If you experimental system includes non-standard sequences these must be added 
to both the genome fasta and gtf to quantify their expression. Most commonly
this is done for the ERCC spike-ins, although the same must be done for CRISPR-
related sequences or other overexpression/reporter constructs. 
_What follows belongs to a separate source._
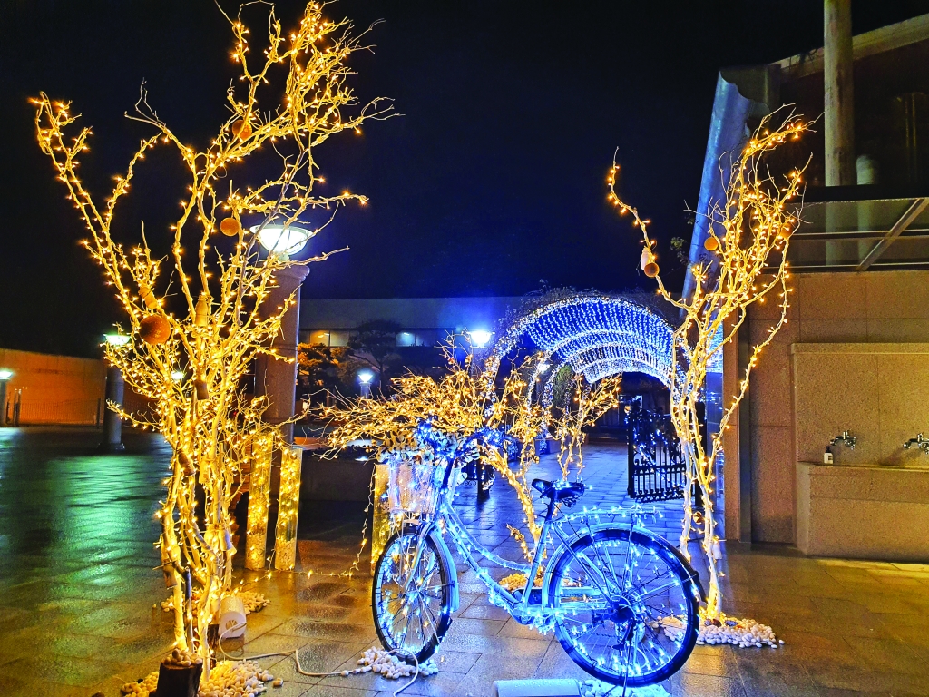 조명이 설치된 조형물들

For maximum utility/flexibility we recommend creating complete and detailed entries 
for any non-standard sequences added.

There is no standardized way to do this. So below is our custom perl script for creating a gtf and fasta file for ERCCs which can be appended to the genome. You may also need to alter a gtf file to deal with repetitive elements in introns when/if you want to quantify intronic reads. Any scripting language or even 'awk' and/or some text editors can be used to do this relatively efficiently, but they are beyond the scope of this course. 


```{bash, eval=FALSE}
# Converts the Annotation file from 
# https://www.thermofisher.com/order/catalog/product/4456740 to 
# gtf and fasta files that can be added to existing genome fasta & gtf files.

my @FASTAlines = ();
my @GTFlines = ();
open (my $ifh, "ERCC_Controls_Annotation.txt") or die $!;
<$ifh>; #header
while (<$ifh>) {
	# Do all the important stuff
	chomp;
	my @record = split(/\t/);
	my $sequence = $record[4];
	$sequence =~ s/\s+//g; # get rid of any preceeding/tailing white space
	$sequence = $sequence."NNNN";
	my $name = $record[0];
	my $genbank = $record[1];
	push(@FASTAlines, ">$name\n$sequence\n");
# is GTF 1 indexed or 0 indexed? -> it is 1 indexed
# + or - strand?
	push(@GTFlines, "$name\tERCC\tgene\t1\t".(length($sequence)-2)."\t.\t+\t.\tgene_id \"$name-$genbank\"; transcript_id \"$name-$genbank\"; exon_number \"1\"; gene_name \"ERCC $name-$genbank\"\n");
	push(@GTFlines, "$name\tERCC\ttranscript\t1\t".(length($sequence)-2)."\t.\t+\t.\tgene_id \"$name-$genbank\"; transcript_id \"$name-$genbank\"; exon_number \"1\"; gene_name \"ERCC $name-$genbank\"\n");
	push(@GTFlines, "$name\tERCC\texon\t1\t".(length($sequence)-2)."\t.\t+\t.\tgene_id \"$name-$genbank\"; transcript_id \"$name-$genbank\"; exon_number \"1\"; gene_name \"ERCC $name-$genbank\"\n");
} close($ifh);

# Write output
open(my $ofh, ">", "ERCC_Controls.fa") or die $!;
foreach my $line (@FASTAlines) {
	print $ofh $line;
} close ($ofh);

open($ofh, ">", "ERCC_Controls.gtf") or die $!;
foreach my $line (@GTFlines) {
	print $ofh $line;
} close ($ofh);
```


## Demultiplexing

Demultiplexing is done differently depending on the protocol used and the particular pipeline you are using a full pipeline. The most
flexible demultiplexing pipeline we are aware of is [zUMIs](https://github.com/sdparekh/zUMIs/wiki/Usage) which can be used to demultiplex and 
map most UMI-based protocols. For Smartseq2 or other paired-end full transcript protocols the data will usually already be demultiplexed.
Public repositories such as GEO or ArrayExpress require data small-scale/plate-based scRNASeq data to be demultiplexed prior to upload, and many
sequencing facilities will automatically demultiplex data before returning it to you. If you aren't using a published pipeline and the data was
not demultiplexed by the sequencing facility you will have to demultiplex it yourself. This usually requires writing a custom script since barcodes
may be of different lengths and different locations in the reads depending on the protocols used.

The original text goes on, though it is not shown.